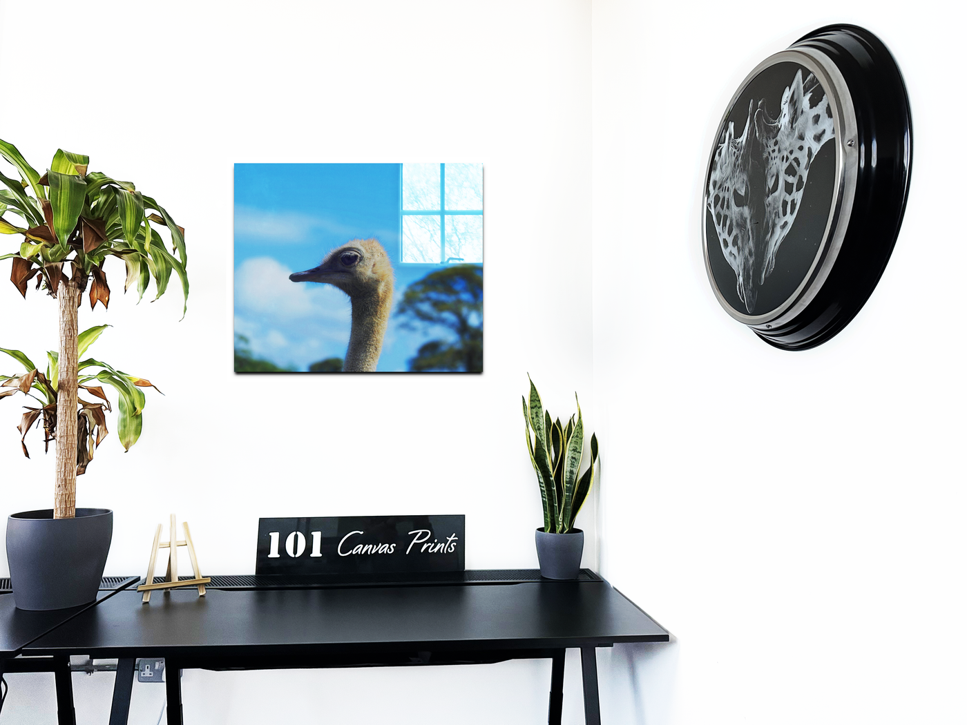 Designed for the modern home, this Acrylic print makes a great centrepiece in any space. A striking image of a relaxed ostrich against a bright-blue sky is captured in stunning high definition by the 101 Canvas Print team and printed using the highest quality inks and materials. The neutral palette of this piece allows it to blend easily into most decors.
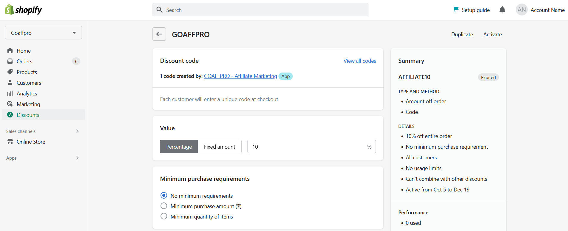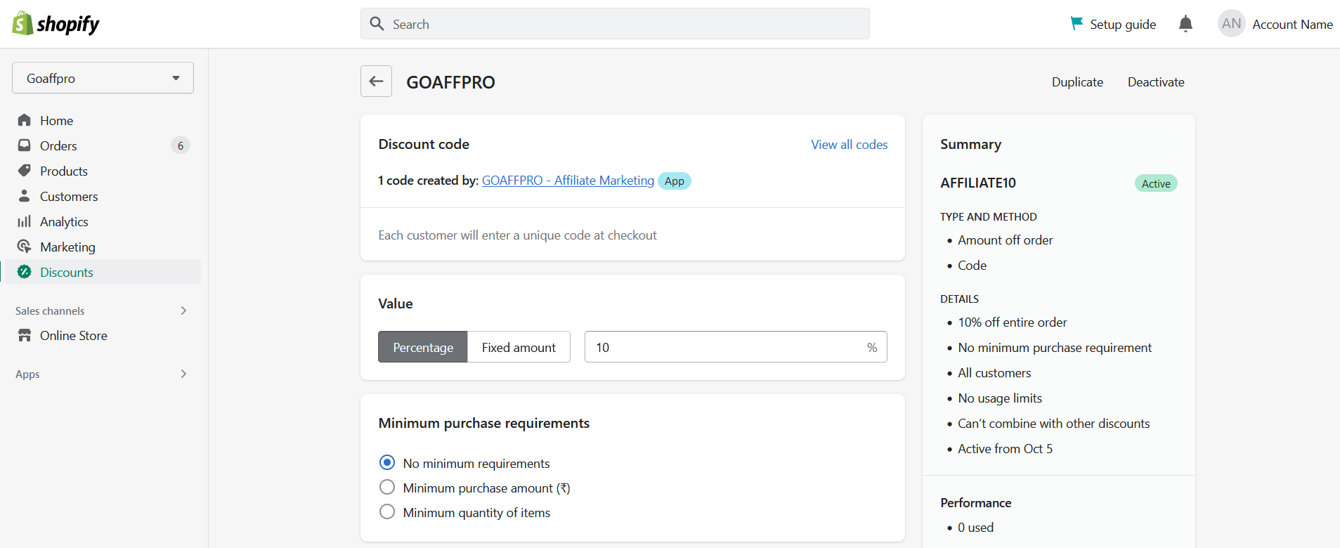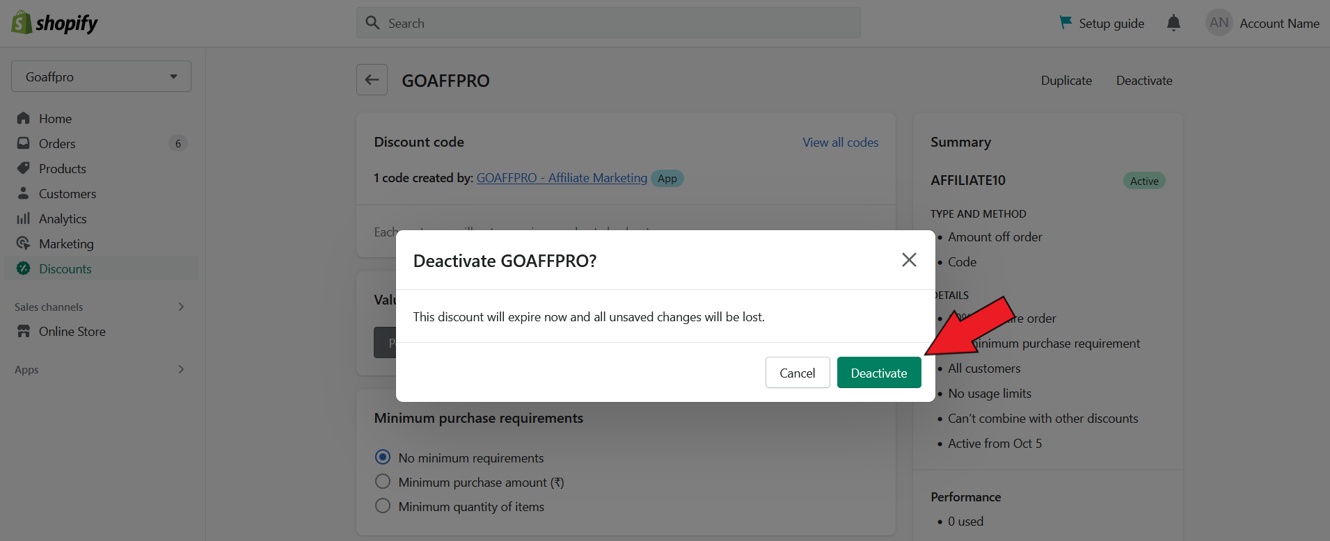 Finally, all the coupon codes created by the GoAffPro app will become inactive.
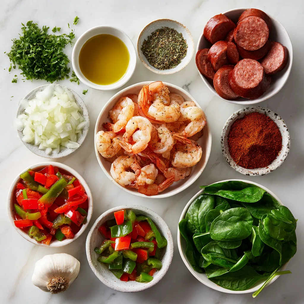 Diese Zutaten bringen Farbe und Geschmack in dein Gericht. Die Garnelen sind zart und voller Geschmack. Die Wurst gibt der Pfanne eine herzhafte Note. Paprika und Zwiebeln sorgen für Crunch und Frische.
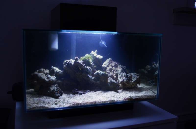 Jeg har købt akvariet brugt af Bo Steen her fra sitet. Der er tale om den nye version med LED armatur. Bo havde inden jeg købte akvariet, holdt nogle få koraller under det originale lys, tilføjet skummer, cirkulationspumpe, varmelegeme, levende sten og grus. Så det har blot været et plug and play for mig.
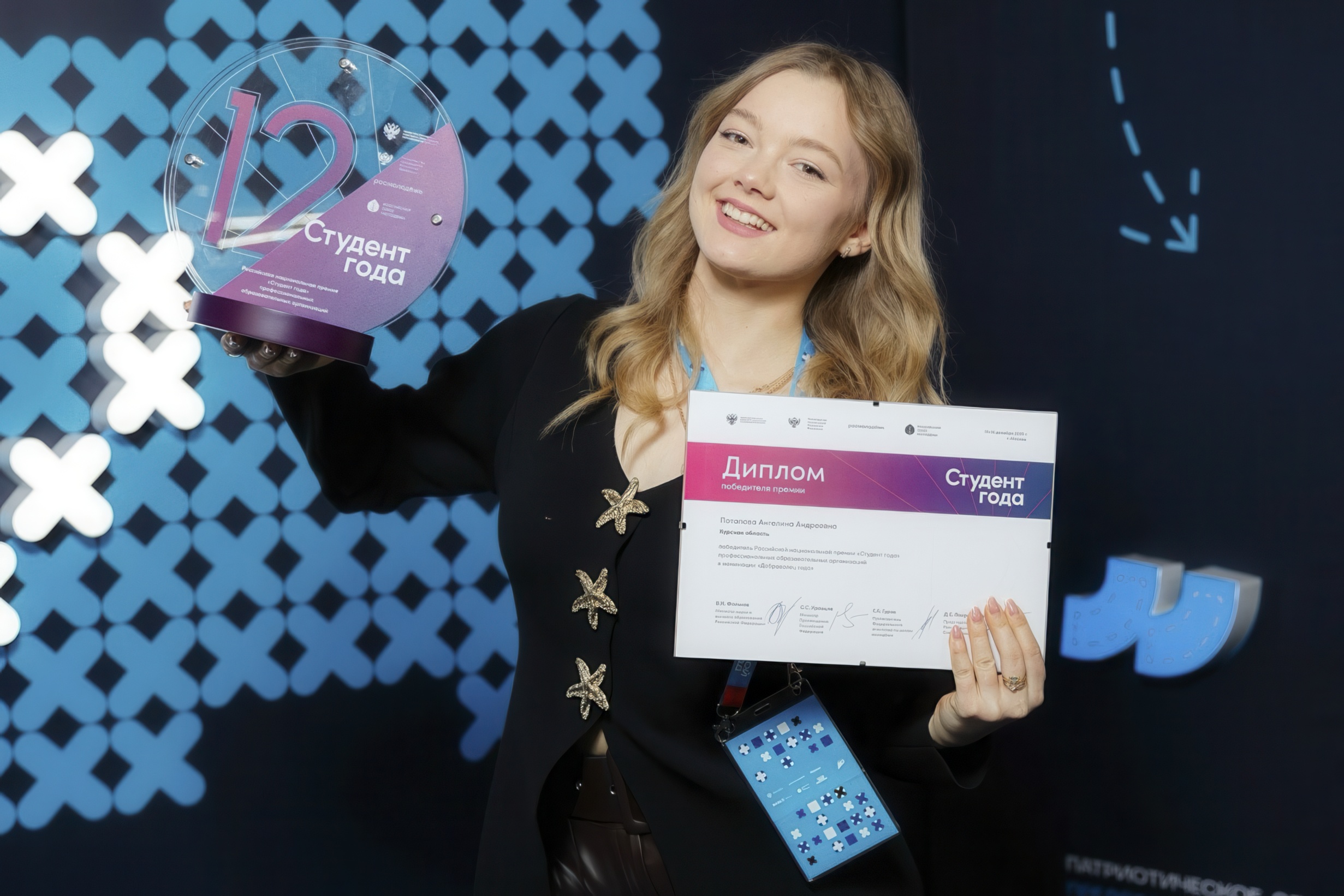 Стали известны итоги Российской национальной премии «Студент года». Более 850 талантливых студентов со всей страны боролись за звание лучших в своих номинациях. Отличились и куряне – привезли домой ряд побед. Пообщались с «Добровольцем года профессиональной образовательной организации» – студенткой колледжа коммерции, технологий и сервиса КГУ Ангелиной Потаповой – и узнали о пути к победе.

- - - - -

_ASSIGNMENT_.
Without copying any picture, repeat all of the entries exactly.

_RESPONSE AREA_.
 Designed for the modern home, this Acrylic print makes a great centrepiece in any space. A striking image of a relaxed ostrich against a bright-blue sky is captured in stunning high definition by the 101 Canvas Print team and printed using the highest quality inks and materials. The neutral palette of this piece allows it to blend easily into most decors.
 Finally, all the coupon codes created by the GoAffPro app will become inactive.
 Diese Zutaten bringen Farbe und Geschmack in dein Gericht. Die Garnelen sind zart und voller Geschmack. Die Wurst gibt der Pfanne eine herzhafte Note. Paprika und Zwiebeln sorgen für Crunch und Frische.
 Jeg har købt akvariet brugt af Bo Steen her fra sitet. Der er tale om den nye version med LED armatur. Bo havde inden jeg købte akvariet, holdt nogle få koraller under det originale lys, tilføjet skummer, cirkulationspumpe, varmelegeme, levende sten og grus. Så det har blot været et plug and play for mig.
 Стали известны итоги Российской национальной премии «Студент года». Более 850 талантливых студентов со всей страны боролись за звание лучших в своих номинациях. Отличились и куряне – привезли домой ряд побед. Пообщались с «Добровольцем года профессиональной образовательной организации» – студенткой колледжа коммерции, технологий и сервиса КГУ Ангелиной Потаповой – и узнали о пути к победе.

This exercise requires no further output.